Why is it bullshit? AFAIK, Unity wouldn’t be able to comply with LGPL without supplying their own source code, so then this would be the only logical outcome.
Unity let me go earlier this week, so I’m really not in the mood to defend them, but this is correct. I’m on the Unity hate train as much as the next guy and i feel this is pretty cut and dry.
You are only required to give source code for changes to that part for LGPL code. So only the library requires that.
Other game engines supply source code. If Unity wants any hope of redemption they should let us inspect wtf it actually does on our computers (edit: and let us make it work for our needs).
Unity uses the LGPL for parts of their own products. The GPL in most cases only requires that derivative work must also be shipped with the same license. The source code from providers doesn’t have to be distributed by unity, it has to be distributed by the provider. In this case that would be videoLAN, which has all their source code on GitHub. You can read the text of the LGPL here, and this is VideoLAN’s post about the situation.

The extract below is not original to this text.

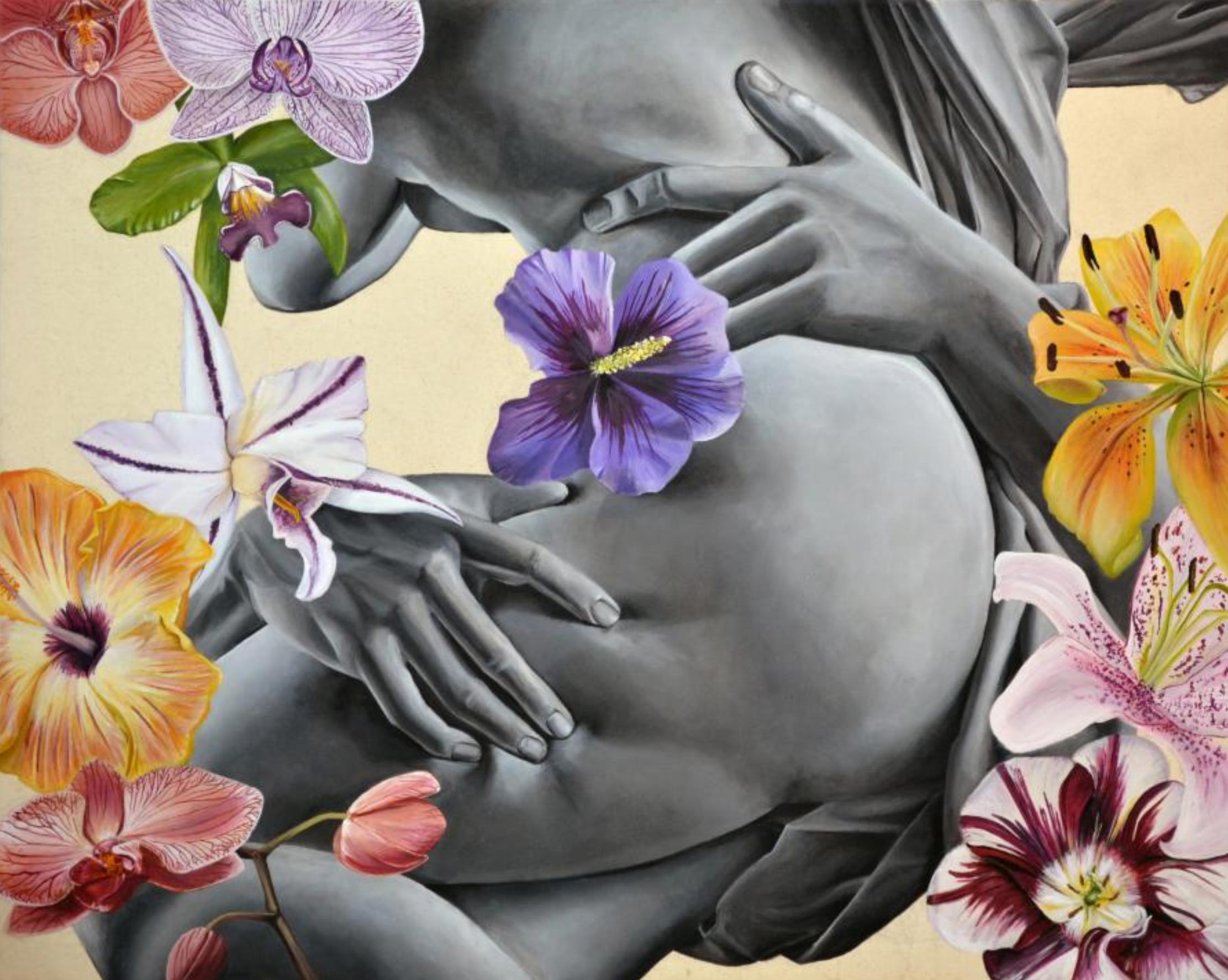 “Pluto and Proserpina”, executed between 1621 and 1622 by Italian artist Gian Lorenzo Bernini, captures the moment when Pluto, god of the underworld, abducts Proserpina, daughter of Zeus, and carries her back to the underworld to be his wife. The artist choses to focus on the breath taking detail of the dimpling of Proserpina’s flesh as Pluto’s fingers dig into her thigh and waist, and to add a typical vanitas symbol – flowers – which through their vibrant colours contrast the harshness of the Baroque marble sculptural group.

Not just license. You also need to link to it as a shared library and allow users to replace it with their own build of the library. Meaning you can’t use stuff like DRM and anticheats.
Yup fair point I didn’t know that. Unity presumably does this with dlls that a technical user can easily swap out. In principle an asset store script could do this, but it would be very difficult to verify and enforce so I can see why they’d just ban the license outright as a CYA thing.
Maybe the answer is to distribute a vlc dll separately and only ship a linking/driving script via the asset store.
Technically it can be statically linked, but then you would need to provide artifacts (for example, object files for the non-LGPL modules) enabling the end user to “recombine or relink” the program with a modified version of the LGPL code.
Dynamic linking is usually simpler, though. And the DRM issues apply either way.
Not exactly. The LGPL inherits the methods of conveying source code from section 6 of the GPL, which has a number of different options. You can bundle the source code along with the compiled version, but you can also do it simply by including an offer the end user can redeem to get a copy of the source. For example you could include a link to the source code.